Yatırım ortamını köstekler. Zaten demokrasi, hukuk ve bağlı olarak güven sorunu oluştuğu için doğrudan yabancı yatırım sermayesi gelmiyor. Yerli sermaye de çıkıyor. 2024 büyüme oranı da yüzde 3 gibi düşük bekleniyor.
Durgunluk toplam talebin düşmesi ve enflasyonun da düşmesine neden olur. Ancak bu defa da mal ve hizmet arzı daralırsa, ithalat artar. İthalatı finanse edecek döviz yoksa bu defa mal kıtlıkları, karaborsa başlar ve enflasyon artar. Yani Türkiye yeniden stagflasyona girer.
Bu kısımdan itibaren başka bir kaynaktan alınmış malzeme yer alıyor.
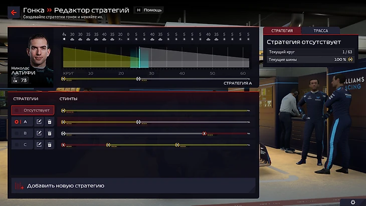 Перед стартом гонки можно выбрать ту стратегию, которой вы хотите придерживаться (никто не мешает вам косплеить синьора Бинотто и придумывать планы со всеми буквами алфавита).
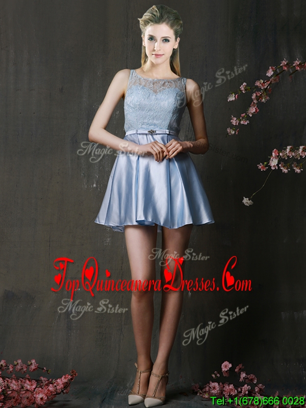 Fashionable Light Blue Short Damas Dress with Lace and Belt
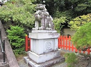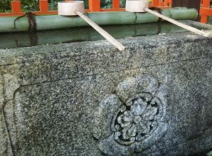 ↓石段手前にある「手水舎」の水盤です 彫られているのは織田家の紋”木瓜紋(モッコウモン)” 右「狛犬・阿像」の下も同じ紋が見られます、一般に織田木瓜と謂われます
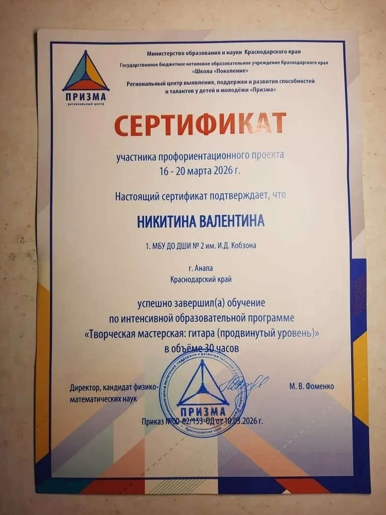 Учащаяся методического объединения "Музыкальное искусство" (гитара) Детской школы искусств 2 имени народного артиста СССР Иосифа Давыдовича Кобзона Валентина Никитина приняла участие в профильной смене «Творческая мастерская» в региональном центре «Призма» (г. Краснодар). Мероприятие представляло собой образовательный интенсив для одаренных детей.

Mal ve hizmet arzında daralma olursa, Türkiye ithalatın finansmanında zora girer mi?
Döviz sorunu Türkiye’nin yumuşak karnıdır. Türkiye döviz kazanamıyor, cari açık devam ediyor. Merkez Bankası’nın Mayıs ayı resmi rezervleri 126,8 milyar dolara çıktı ve fakat net yükümlülükleri de 155,5 milyar dolardır. Net rezerv eksi 28,6 milyar dolardır.
MB verilerine göre Türkiye’nin bir yıl içinde ödemesi gereken 227,5 milyar dolar dış borcu var. Bir yıl içinde tahminen 35 milyar dolar da cari açık verecek. Cari açığın finansmanında en iyi araç olan doğrudan yabancı yatırım sermayesi de gelmiyor. CDS oranı 300 altına düştü ve fakat hâlen Rusya ve Mısır’dan sonra dünyanın en riskli üçüncü ülkesidir.
Bu şartlarda Türkiye hem dış borçlarını çevirmekte, hem de ithalatın finansmanında zorlanacaktır. O zaman da mal arzı düşecek ve fiyatlar artacaktır.
Mamafih, Standart and Poor’s da 2024 yıl sonu TÜFE tahminini MB’den daha yüksek yüzde 55,8 olarak açıkladı. Merkez Bankası Piyasa Katılımcıları Anketi’nde yıl sonu enflasyon tahmini 44,16’dır.
2023 Mayıs ayında TÜFE oranı yüzde 0,04 olmuştu. MB anket sonuçlarına göre, bu sene aylık TÜFE oranları, Mayıs’ta 3,25, Haziran’da 3,00, Temmuz’da 2,54 olarak bekleniyor. Kalan 5 ayı da ortalama yüzde 3 dolayında kabul edersek ve şok sorunlar yaşamazsak, 2024 yıl sonu TÜFE oranı yüzde 50,8 olarak çıkıyor.